◆ Given material ◆
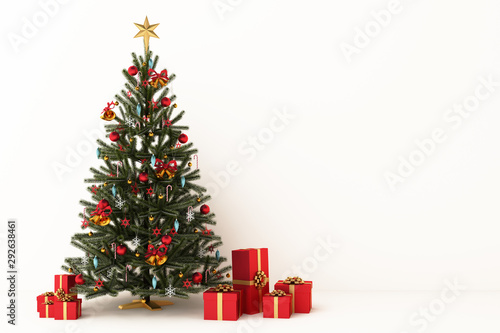 Christmas tree with decorations and gift boxes. 3d rendering
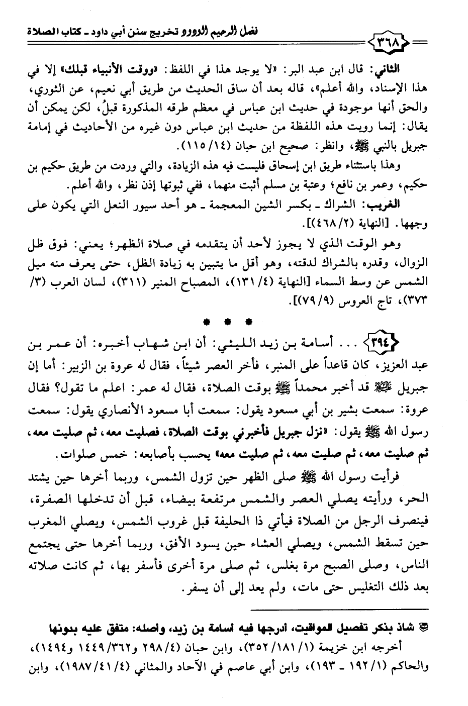 • شاذ بذكر تفصيل المواقيت، أدرجها فيه أسامة بن زيد، وأصله: متفق عليه بدونها.
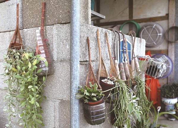그의 정원에는 요소요소 구경거리가 많다. 벽에 걸린 선인장, 화분마저 멋스럽고 호미와 채도 작품이다. 빽빽이 모아 놓은 장독대도 근사하다. 40여 개 장독대가 줄줄이 서 있는데

◆ Exercise description ◆
Repeat each line of the material exactly, please, and skip every picture.

◆ Response below ◆
 Christmas tree with decorations and gift boxes. 3d rendering
 • شاذ بذكر تفصيل المواقيت، أدرجها فيه أسامة بن زيد، وأصله: متفق عليه بدونها.
그의 정원에는 요소요소 구경거리가 많다. 벽에 걸린 선인장, 화분마저 멋스럽고 호미와 채도 작품이다. 빽빽이 모아 놓은 장독대도 근사하다. 40여 개 장독대가 줄줄이 서 있는데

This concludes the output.